Kamut is super easy to cook with and does not require a lot of prep.
If you are grinding your Kamut into flour you do not need to rinse beforehand. Rinsing would cause the flour to have extra moisture and pack together too easily.
If you do need to rinse your Kamut before grinding, you can spread them out on a baking sheet and place them in the oven at a low temperature for a few minutes.
Doing this will remove the moisture so the wheat berries can be ground into flour.
You do need to rinse your Kamut if you are cooking it whole. Wash kamut in a sieve or strainer in the sink before soaking.

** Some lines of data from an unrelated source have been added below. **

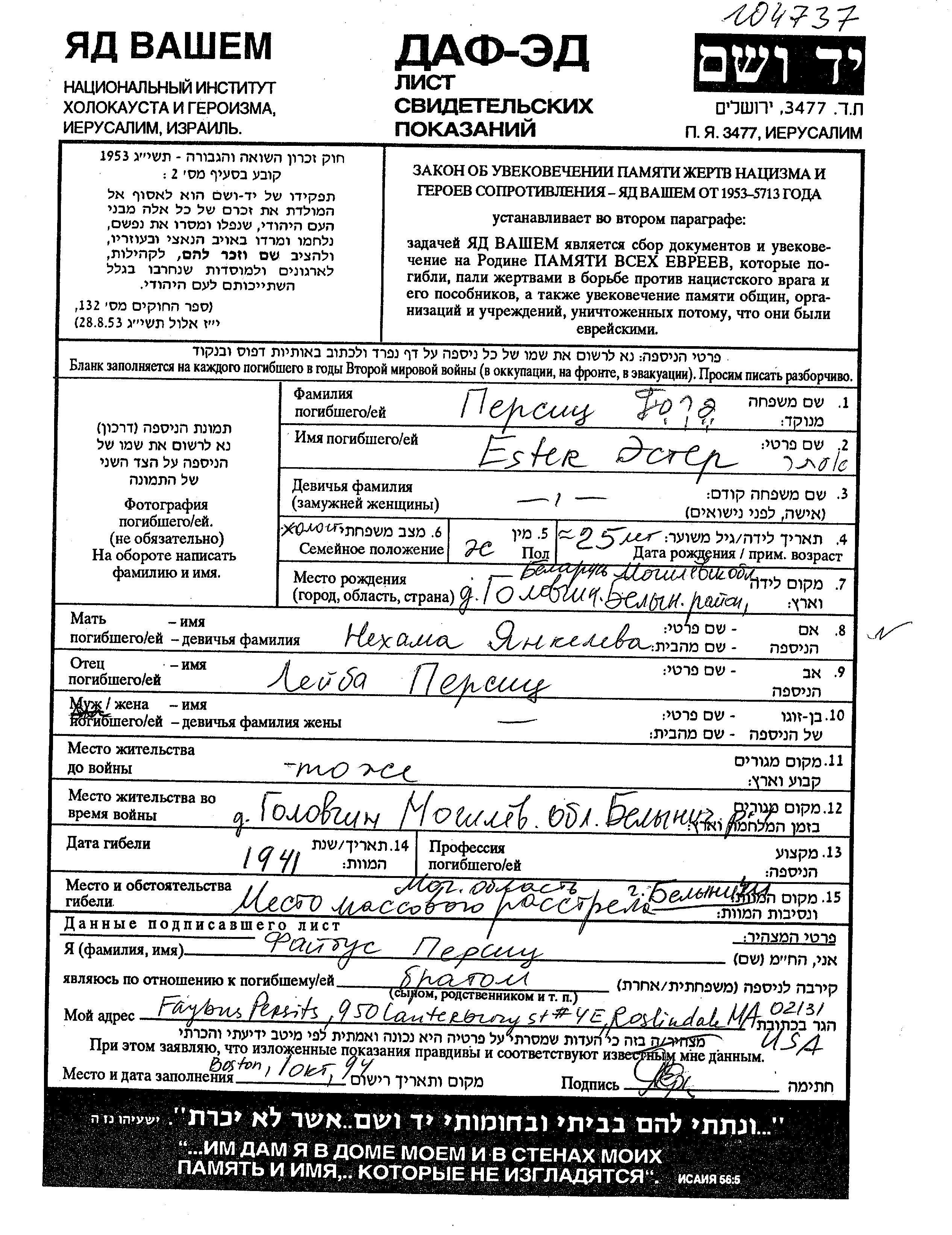 Ester Persitz wurde im Jahr 1916 in Golovchin, Weißrussland (UdSSR) geboren. Sie war die Tochter von Leiba und Nekhama, geb. Yankeleva. Sie war Ledig. Vor dem Zweiten Weltkrieg lebte sie in Golovchin, Weißrussland (UdSSR). Während des Krieges war sie in Golovchin, Weißrussland (UdSSR).
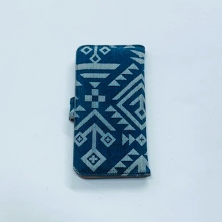 内生地はブラウン、外生地は淡いデニムに全面にオルテガ柄のレーザー加工を施したタイプ。
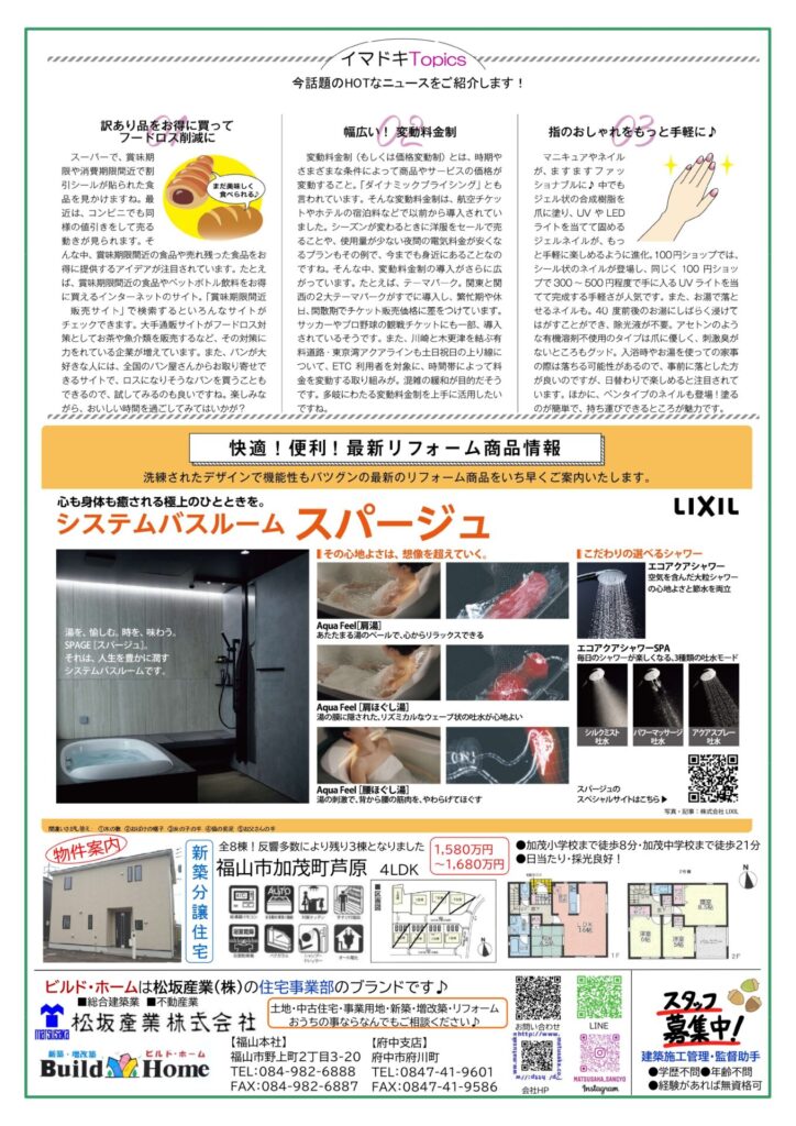 裏面には今話題のホットなニュースや最新リフォーム商品をご紹介しております。

After rinsing, soak the Kamut in fresh water for 6-8 hours or overnight before cooking.
Kamut is simple to prepare, and makes a very filling base. It can be used to make pilaf or added to salad.
It does not have much flavor when cooked plain, so cooking it with extra spices can help add some flavor.
Cooking it with stock or broth instead of water is another way to add flavor.
In a medium-size pot, add kamut and broth or water.
Bring to a boil and add a pinch of salt. Cover and reduce heat, let simmer for about 40 minutes to an hour.
They should be tender when fully cooked. Serve with your favorite vegetables, herbs, or seeds.
Grinding Kamut into flour is also a great use for it. It can be made into bread and many other baked goods.
Kamut flour stores much longer when placed in the freezer instead of the cabinet. It lasts for about 12 months in the freezer or 5-6 months if stored in a dry place.
Cooked Kamut can be stored in the refrigerator for up to 4 days or frozen for 7-8 weeks.
When storing whole, uncooked Kamut, keep it in a airtight container or sealed bag in a cool, dry place.